• [Task description]:
Each line from the one containing "下图为云南警官学院在全国各个" to the last line of the listing below is to be duplicated exactly, and no picture is to be carried over.

Supplied information below:

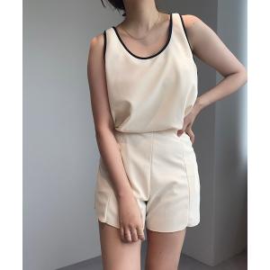 セットアップ バッククロスタンクトップ×パンツセットアップ レディース
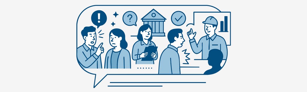 Die Seminare richten sich an Mitarbeitende im technischen Projektumfeld – insbesondere aus den Bereichen Genehmigung, Anlagenbetrieb und Umwelt– die in ihrer täglichen Arbeit zunehmend mit kommunikativen Herausforderungen konfrontiert sind:
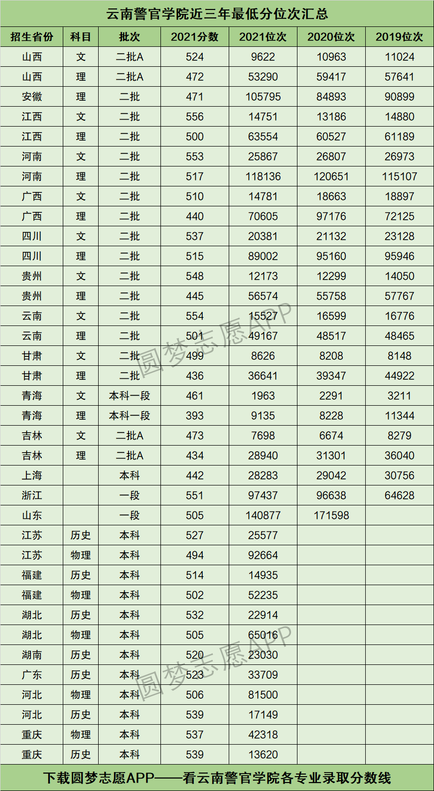 下图为云南警官学院在全国各个省市2019年~2021年的最低分位次表数据,供参考↓
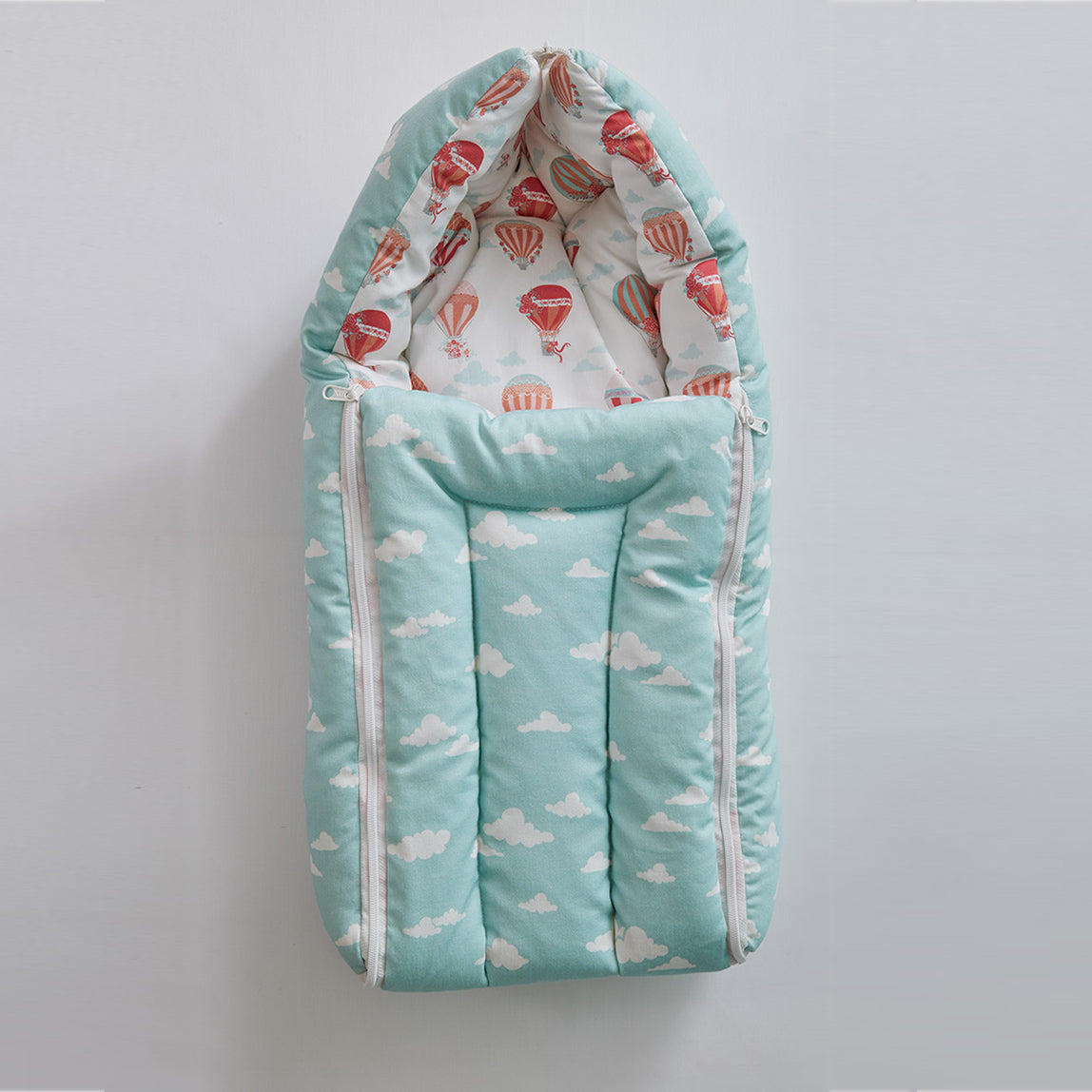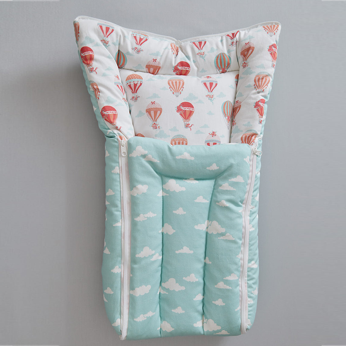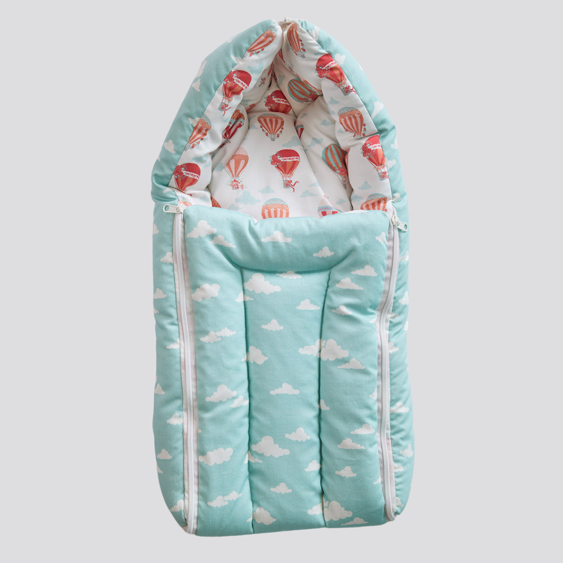 The Parachute Sleeping Bag wraps your baby in comfort with soft cotton fabric and whimsical balloon prints. A convenient side zipper allows for quick changes, while the breathable lining ensures a cozy, secure nap time.

End of Supplied information.

• [Finished exercise]:
 下图为云南警官学院在全国各个省市2019年~2021年的最低分位次表数据,供参考↓
 The Parachute Sleeping Bag wraps your baby in comfort with soft cotton fabric and whimsical balloon prints. A convenient side zipper allows for quick changes, while the breathable lining ensures a cozy, secure nap time.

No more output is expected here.